Erasmus Medical Centre (MC) Rotterdam, Netherlands
As described in the clinical section above, and as presented at the R&D
day, experiments conducted at the Erasmus MC using tissue from GBM tumours
have shown biological activity of SFX-01. This work continues as a precursor
to proceeding to a clinical trial in the same centre.
Università Sapienza di Roma, Italy
Based on previous findings from pre-clinical work in glioma, the Company
worked with Prof. Francesco Marampon, of Università Sapienza di Roma to
investigate the hypothesis that SFX-01 could enhance the action of
radiotherapy in cancer patients. The scientific work evaluated the anti-tumour
activity of SFX-01 in two preclinical cellular models of rhabdomyosarcoma
(RMS) tumours, the most frequent soft tissue sarcoma in childhood. This
disease is mostly diagnosed in children under 10 years old.
The in vitro data showed that SFX-01 reduced tumour cell growth by
inducing G2 cell cycle arrest and triggering early-apoptosis (cell
death). In addition, SFX-01 was shown to be effective both as a single agent
and in combination with radiotherapy where it was found to be synergistic; it
created a more positive outcome than would be expected by simply adding the
two agents together. The results also showed that SFX-01 was able to reduce
tumour cell growth in clinically relevant radioresistant RMS cells,
substantially inhibiting the formation of cancer stem cell-derived
tumourspheres (rabdospheres).
The experiments were then extended to in vivo mouse models whereby
rhabdomyosarcoma cells are implanted into the animals allowing treatment
effects to be evaluated in life, in a more disease relevant condition. SFX-01
was shown to be effective in these models after oral administration
complementing the earlier in vitro results. SFX-01 was also given in
combination with a radiotherapy regime where it was shown to act
synergistically, resulting in a more positive outcome than would be expected
by simply adding the two agents together. A full paper on effectiveness of
SFX-01 in models of this, the most common childhood cancer in under 10's, was
published in the prestigious journal BMC Cancer,
[https://bmccancer.biomedcentral.com/articles/10.1186/s12885-024-12536-8] in
July 2024, confirming effects of SFX-01 as a radiosensitising agent as seen in
models of glioblastoma.
OUTLICENSING
STALICLA partnership
In October 2022, the Company licensed the global rights for lead asset SFX-01
in neurodevelopmental disorders and schizophrenia to STALICLA SA (Stalicla),
a Swiss company specialising in the identification of specific phenotypes of
ASD, using its proprietary precision medicine platform. The Company retains
the global rights for all other indications.
The financial terms included a signing fee of $0.5m to acquire the license
and $0.5m on completion of the human volunteer Phase 1/1b study; TheraCryf
would provide data to support Stalicla's clinical trials and both would
contribute to the costs of supplying SFX-01 and placebo for these trials.

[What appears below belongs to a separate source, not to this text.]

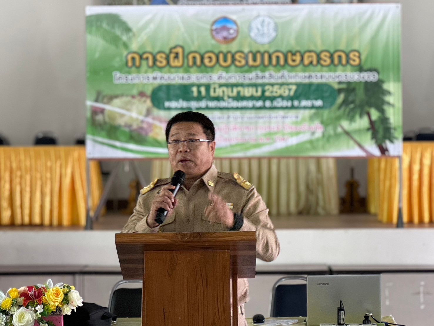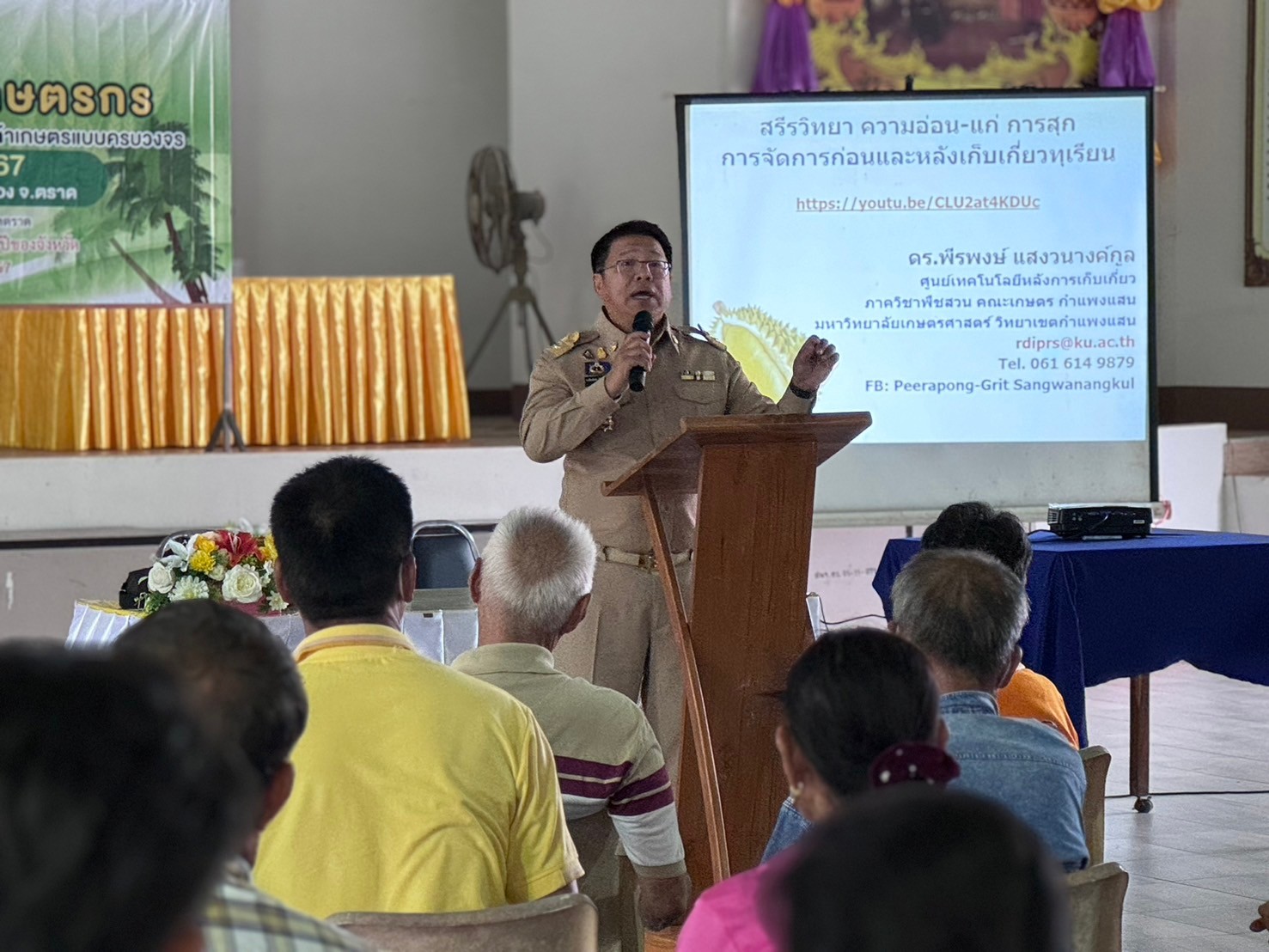 วันที่ 11 มิถุนายน 2567 นางสาวมรกต สุดประเสริฐ เกษตรอำเภอเมืองตราด พร้อมด้วยเจ้าหน้าที่ฯ ร่วมกับสำนักงานเกษตรจังหวัดตราด จัดการอบรมโครงการพัฒนาและยกระดับการผลิตสินค้าเกษตรแบบครบวงจร ประจำปีงบประมาณ 2567 กิจกรรมส่งเสริมการพัฒนาศักยภาพเกษตรกรผู้ปลูกทุเรียนจังหวัดตราด อบรมถ่ายทอดความรู้ด้านวิทยาการก่อนการเก็บเกี่ยวและหลังการเก็บเกี่ยว เพื่อเสริมสร้างและพัฒนาความรู้ให้กับเกษตรกรผู้ปลูกทุเรียน โดยในการจัดการอบรมในครั้งนี้ มีเกษตรกรเข้าร่วมอบรม จำนวน 130 ราย ณ หอประชุมที่ว่าการอำเภอเมืองตราด อ.เมือง จ.ตราด

Thereafter, milestone payments that reflect progress by Stalicla in their
development programme up to commercial launch amount to $26.5m,
including $5m on grant of IND by the FDA (originally anticipated by the end
of 2024). Total milestones of up to $160.5m are payable. Royalties
payable to TheraCryf on sales are in the low to medium double-digit range in
all scenarios, including on-licensing by Stalicla and use of SFX-01 in further
licensed indications.
Previous studies with other sources of sulforaphane have shown evidence of
clinical efficacy in improving symptoms of ASD (e.g., Singh et al 2014).
However, patient heterogeneity provides a challenge in identifying those
individuals likely to respond to therapy. Stalicla has a unique, proprietary
technology to identify ASD patients who are most likely to respond to SFX-01.

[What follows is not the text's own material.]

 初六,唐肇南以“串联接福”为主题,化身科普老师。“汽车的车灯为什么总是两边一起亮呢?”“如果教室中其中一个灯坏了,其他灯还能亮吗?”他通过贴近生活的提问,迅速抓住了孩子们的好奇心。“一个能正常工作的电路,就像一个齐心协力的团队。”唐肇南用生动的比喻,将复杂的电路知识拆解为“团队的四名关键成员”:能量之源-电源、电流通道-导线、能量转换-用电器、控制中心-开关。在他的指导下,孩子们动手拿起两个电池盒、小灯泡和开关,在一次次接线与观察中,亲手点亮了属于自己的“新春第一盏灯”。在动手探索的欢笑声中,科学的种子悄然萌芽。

This screening approach has already been used successfully to identify ideal
patients for other ASD drug trials and is a key differentiator for Stalicla in
developing drugs for such a wide spectrum disorder as ASD.
In February 2024 TheraCryf gave a notice of dispute to Stalicla.
The TheraCryf board of directors believes that the Company has met the terms
required to satisfy the $0.5m milestone, according to the License Agreement,
and thus the payment is due. In order to effect the payment, the Company has
taken the decision to formally implement the dispute resolution process
detailed in the License Agreement, the first step of which is the issuance of
a dispute notice.
As stated previously the Company has not included any milestone payments from
Stalicla in its financial forecasting and the cash runway remains unchanged.
The Company continues to discuss amicably a route to resolve the current
dispute with Stalicla management and will provide updates once these
discussions conclude.
POST PERIOD EVENTS
Post period, the Phase 1 healthy volunteer study on the new enteric coated
SFX-01 tablet was published in the peer reviewed journal Advances in Therapy
[https://link.springer.com/article/10.1007/s12325-024-03018-1] demonstrating
the effectiveness of the enteric coat in proceeding beyond the acid
environment of the stomach and releasing active drug where desired, in the
small intestine. SFX-01 was well tolerated by the healthy volunteers and there
were no serious adverse events of any sort. Concentrations of sulforaphane and
metabolites in volunteers' blood were observed in the range where biological
activity is seen in models of various diseases of interest including in vitro
and in vivo models of GBM.
FINANCIAL REVIEW
The financial performance for the six-month period to 30 September 2024 was in
line with expectations. Operating losses reduced in the period by £0.35m to
£1.11m compared with £1.46m in the prior period. Use of cash reflects the
completion and publication of the SFX-01 Phase 1b healthy volunteer clinical
trial plus continued SFX-01 manufacturing process development and product
manufacture to support the grant funded clinical trial to be conducted by
Erasmus MC, Rotterdam, NL in early 2026. Costs of the acquisition and
integration of Chronos were modest and are also included in use of cash.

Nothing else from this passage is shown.